# Pioneer AVH-P7500DVD: Does theTT radio flap close??



## Jazzedout (May 8, 2002)

Anyone has this DVD from Pioneer? I am wondering if I can still close the flap when the system is not in operation.
Anyone knows of a 7" screen system that can be fitted so that the flap closes? Most of the ones I have seen come to far out. :?


----------



## Marc_in_the_US (Aug 8, 2003)

Unfortunately not.. I'm fairly certain NONE of the LCD pull-out units allow the aluminium flap from closing. See, the simple fact that the LCD must be able to open means that there must be at least 1 inch of clearance beyond the front face of the head unit when it's closed, but when the flap is open there has to be another inch of clearance since the flap sticks out a bit further as well.

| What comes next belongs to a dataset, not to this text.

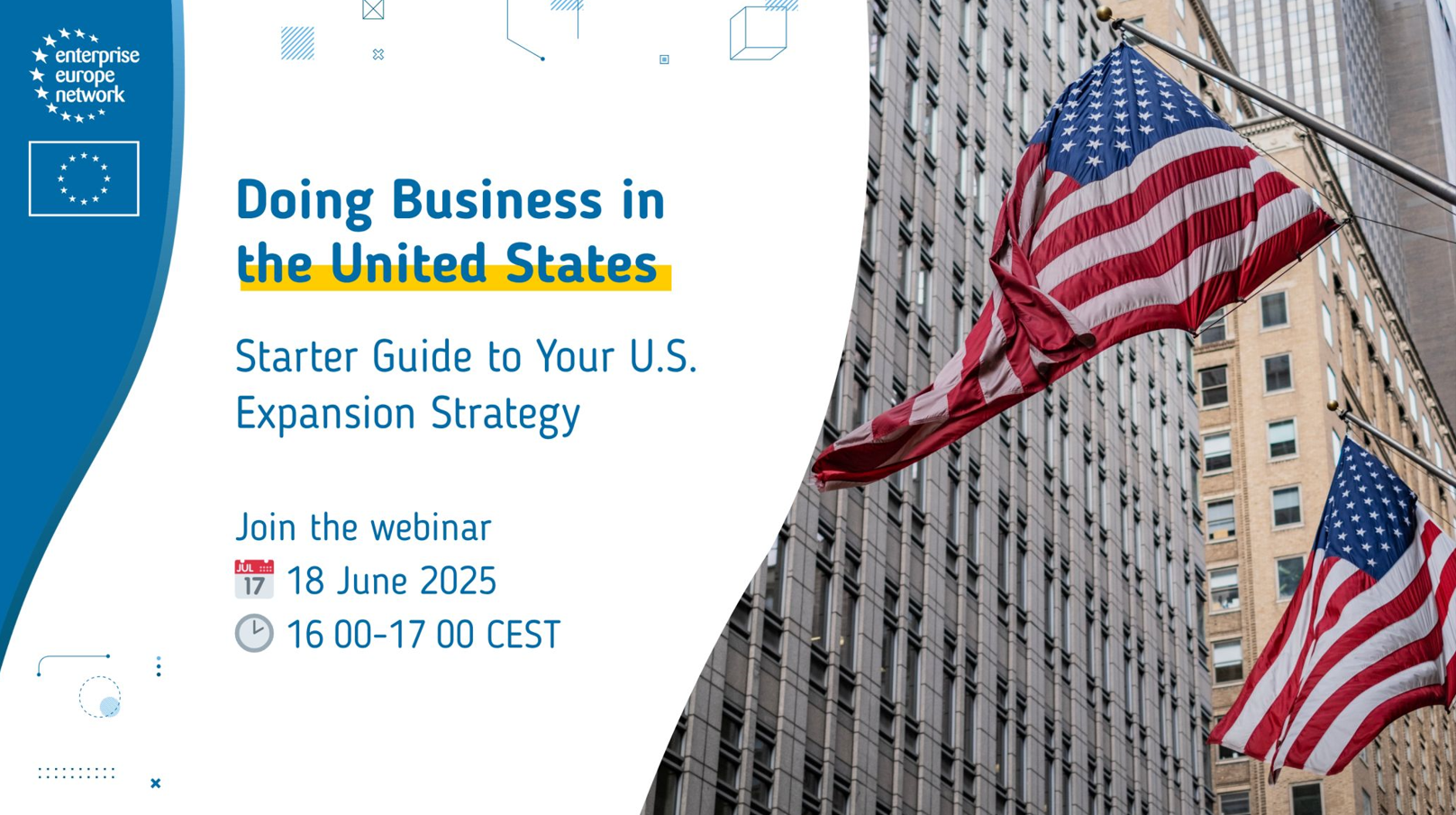 Evropske male i srednje kompanije, startapi i svi zainteresovani za širenje poslovanja na američko tržište imaće priliku da prisustvuju besplatnom vebinaru pod nazivom „Doing business in the United States: starter guide to your U.S. expansion strategy“, koji će biti održan 18. juna 2025. godine od 16:00 do 17:00 časova po srednjeevropskom vremenu.

I've just recently done mine (it's a Clarion VRX935VD) and had the same problem - makes more sense in pictures:










See how little clearance there is, even after sticking the unit out far enough:










For more pictures, check out my website (see sig) or this thread on AudiWorld showing the complete install:

http://forums.audiworld.com/tt/threads/378986.phtml#1049451

Hope this helps..
-Marc


----------



## clk200 (Mar 21, 2004)

Pioneer do a flush fit kit, if that helps, the screen just fits further in, could be worth checking out


----------



## Ikon66 (Sep 12, 2003)

Just had ACic X1 fitted, superb piece of gear  

But the flap will not close, Pioneer do a kit to set the unit back but apparently a) there is not enough room to set it back b) if it was to be set back then the screen wouldn't clear the flap

Cheers


----------



## Jazzedout (May 8, 2002)

Aren't you guys worried that someone could brake your glass to take the system out if you leave your car somewhere on the street? :? I travel a lot and visit various places so I am a little worried about that.


----------



## Dubcat (Jun 10, 2002)

Someone on this forum definitely has a screen/dvd/satnav system that hides under the flap. Is it CliveD?


----------



## Love_iTT (Aug 18, 2002)

The only one I have seen fit (that doesn't mean there isn't any others) is the Alpine unit as fitted to PaulB's TTC.

Graham


----------



## CH_Peter (May 16, 2002)

Have Alpine INA 333R (I think that's the model, not going to the car to check), it doesn't have a fold out screen, all built into the head unit, but the flap doesn't close. Cannot imagine the adding a fold out screen would mean the flap would close! Could be wrong, of course.

Pete


----------



## Dubcat (Jun 10, 2002)

Love_iTT said:


> The only one I have seen fit (that doesn't mean there isn't any others) is the Alpine unit as fitted to PaulB's TTC.
> 
> Graham


Ahhh Graham - it's yours I was thinking of. Doesn't your flap close?
Dubcat


----------



## Ikon66 (Sep 12, 2003)

> Aren't you guys worried that someone could brake your glass to take the system out if you leave your car somewhere on the street? I travel a lot and visit various places so I am a little worried about that.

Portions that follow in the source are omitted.